There are also other initiatives being introduced on the operational side. For example, Tokeny Solutions, a Luxembourg-based fintech company, has been building out their technology to support the full transferability of both OTC and exchange traded digital securities. The issuance process includes the creation of smart contracts that validate compliance criteria, such as the jurisdictions of investors and KYC requirements.
The technology is built on the Ethereum T-REX (Token for Regulated EXchanges) standard, allowing for the compliant transfer of tokenised securities, not only in the initial issuance, but also in secondary markets. These tokens can be held in almost any wallet on the Ethereum blockchain (enabling self-custody) and are tradable on any compatible exchange.
Tokeny’s objective, according to CEO Luc Falempin, is “to be the white-label toolbox for market infrastructure when it comes to tokenised security issuance.” There is clearly support from the traditional exchange sector in this goal: Euronext has recently invested Ä5m in return for a 23.5% stake in the company. “The liquidity is a key component that’s been missing in the industry, by partnering with the eurozone’s largest stock exchange we are striving to solve this problem,” he adds.
Tokenisation can also open up investor access on a more global scale. “Right now, if you want to have securities listed on different exchanges around the world then you need to create ADRs (American Depositary Receipts), GDRs (Global Depositary Receipts) or something equivalent,” says Myles Milston, CEO of Globacap, a UK blockchain-based platform that enables direct equity issuance. “By using tokenised securities, you could actually have a block chain-based security listed in one venue in one region and then listed on another venue in an entirely different region.”
He adds, “Those securities could be completely fungible and in the longer term could improve both access to capital, and on-going liquidity, by having more investors accessing essentially the same security, globally.”
Asset servicing hurdles
Progress is also being made on the settlement front with Fnality’s Utility Settlement Coin (USC), which when it goes live, will enable delivery versus payment (DVP) on the blockchain, which will help facilitate the process. At the moment, the operational benefits of immediate and direct security settlement are nullified if there is no instantaneous capability for settlement of the cash leg on the transaction.

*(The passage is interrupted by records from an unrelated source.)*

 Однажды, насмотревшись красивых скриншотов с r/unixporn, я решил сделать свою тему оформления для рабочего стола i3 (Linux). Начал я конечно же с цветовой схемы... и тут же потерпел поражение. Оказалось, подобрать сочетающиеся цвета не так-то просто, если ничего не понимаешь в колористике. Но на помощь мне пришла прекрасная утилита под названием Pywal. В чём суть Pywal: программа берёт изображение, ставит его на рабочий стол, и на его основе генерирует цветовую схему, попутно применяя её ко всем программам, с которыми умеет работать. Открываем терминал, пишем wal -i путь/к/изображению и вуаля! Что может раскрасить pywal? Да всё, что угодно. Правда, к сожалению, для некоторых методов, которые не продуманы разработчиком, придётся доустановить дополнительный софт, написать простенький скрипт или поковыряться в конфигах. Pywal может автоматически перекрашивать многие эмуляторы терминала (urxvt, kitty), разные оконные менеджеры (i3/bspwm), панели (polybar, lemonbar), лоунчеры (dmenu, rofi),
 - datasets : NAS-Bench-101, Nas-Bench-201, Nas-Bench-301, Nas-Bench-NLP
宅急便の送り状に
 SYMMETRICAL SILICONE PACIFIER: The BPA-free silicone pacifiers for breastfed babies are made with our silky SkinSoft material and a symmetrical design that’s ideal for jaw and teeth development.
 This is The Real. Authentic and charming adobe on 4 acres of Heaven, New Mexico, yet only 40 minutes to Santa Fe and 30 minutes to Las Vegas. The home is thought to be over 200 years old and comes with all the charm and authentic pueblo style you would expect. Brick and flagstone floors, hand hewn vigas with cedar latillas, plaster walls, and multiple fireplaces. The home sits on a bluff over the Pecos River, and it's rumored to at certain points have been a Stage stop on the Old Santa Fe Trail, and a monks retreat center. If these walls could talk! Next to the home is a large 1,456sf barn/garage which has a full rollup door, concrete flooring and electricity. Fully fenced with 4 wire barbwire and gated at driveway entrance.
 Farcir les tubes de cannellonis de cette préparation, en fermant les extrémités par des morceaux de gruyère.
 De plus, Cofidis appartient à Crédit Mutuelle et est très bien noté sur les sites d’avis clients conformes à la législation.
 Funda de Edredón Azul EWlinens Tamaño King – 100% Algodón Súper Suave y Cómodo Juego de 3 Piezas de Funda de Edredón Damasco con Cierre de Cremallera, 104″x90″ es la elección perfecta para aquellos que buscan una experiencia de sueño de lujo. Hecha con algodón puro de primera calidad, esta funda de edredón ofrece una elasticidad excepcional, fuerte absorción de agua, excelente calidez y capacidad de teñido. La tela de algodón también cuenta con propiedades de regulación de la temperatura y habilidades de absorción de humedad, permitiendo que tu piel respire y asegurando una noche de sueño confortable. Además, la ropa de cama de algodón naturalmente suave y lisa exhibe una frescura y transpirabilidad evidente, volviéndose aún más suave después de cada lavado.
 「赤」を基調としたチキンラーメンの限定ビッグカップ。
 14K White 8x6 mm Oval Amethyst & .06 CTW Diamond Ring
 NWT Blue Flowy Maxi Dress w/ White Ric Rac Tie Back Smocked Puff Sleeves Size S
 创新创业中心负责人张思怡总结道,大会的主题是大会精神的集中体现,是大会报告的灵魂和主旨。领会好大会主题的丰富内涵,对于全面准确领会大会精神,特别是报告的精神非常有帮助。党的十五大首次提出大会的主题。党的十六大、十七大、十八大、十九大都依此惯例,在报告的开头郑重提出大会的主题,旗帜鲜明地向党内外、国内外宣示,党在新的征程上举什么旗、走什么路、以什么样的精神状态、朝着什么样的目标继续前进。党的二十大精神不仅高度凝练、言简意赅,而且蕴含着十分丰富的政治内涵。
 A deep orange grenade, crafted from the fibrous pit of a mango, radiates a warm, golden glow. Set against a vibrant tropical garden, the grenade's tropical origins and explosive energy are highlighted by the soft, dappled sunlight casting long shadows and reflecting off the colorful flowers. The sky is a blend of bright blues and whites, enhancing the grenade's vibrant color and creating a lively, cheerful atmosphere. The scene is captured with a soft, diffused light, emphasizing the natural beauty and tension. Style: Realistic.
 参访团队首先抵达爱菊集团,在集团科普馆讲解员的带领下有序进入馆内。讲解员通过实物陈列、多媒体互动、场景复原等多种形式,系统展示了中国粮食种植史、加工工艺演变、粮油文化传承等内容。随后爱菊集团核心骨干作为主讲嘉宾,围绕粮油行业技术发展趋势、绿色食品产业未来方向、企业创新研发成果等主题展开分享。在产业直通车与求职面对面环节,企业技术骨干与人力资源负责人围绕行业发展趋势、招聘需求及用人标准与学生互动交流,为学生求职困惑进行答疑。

The safekeeping of assets, though, is more problematic. Institutional investors will be reluctant to trade assets unless there is a convenient, reliable and safe means of custodying them, with full connectivity to all the venues and mechanisms by which the assets are traded.
Francesco Roda, Chief Risk Officer at Koine, an institutional-grade, segregated, fully regulated digital currency and asset custodian, summarises the situation: “Liquidity is primarily a feature of the market in which the asset is traded. It is driven by the interest and the demand that the asset can attract, the ease with which the asset can be converted into cash and the barriers to entering the market in which the asset is traded. So, bringing down the barriers to accessing assets is a way of creating liquidity.”
He adds, “Liquidity is made by market makers – but in traditional markets, market making is costly in terms of capital. Digital assets can lower the operational barriers to entering the market, potentially allowing new types of player – which may have a lower cost, or a surplus, of capital – to become market makers.”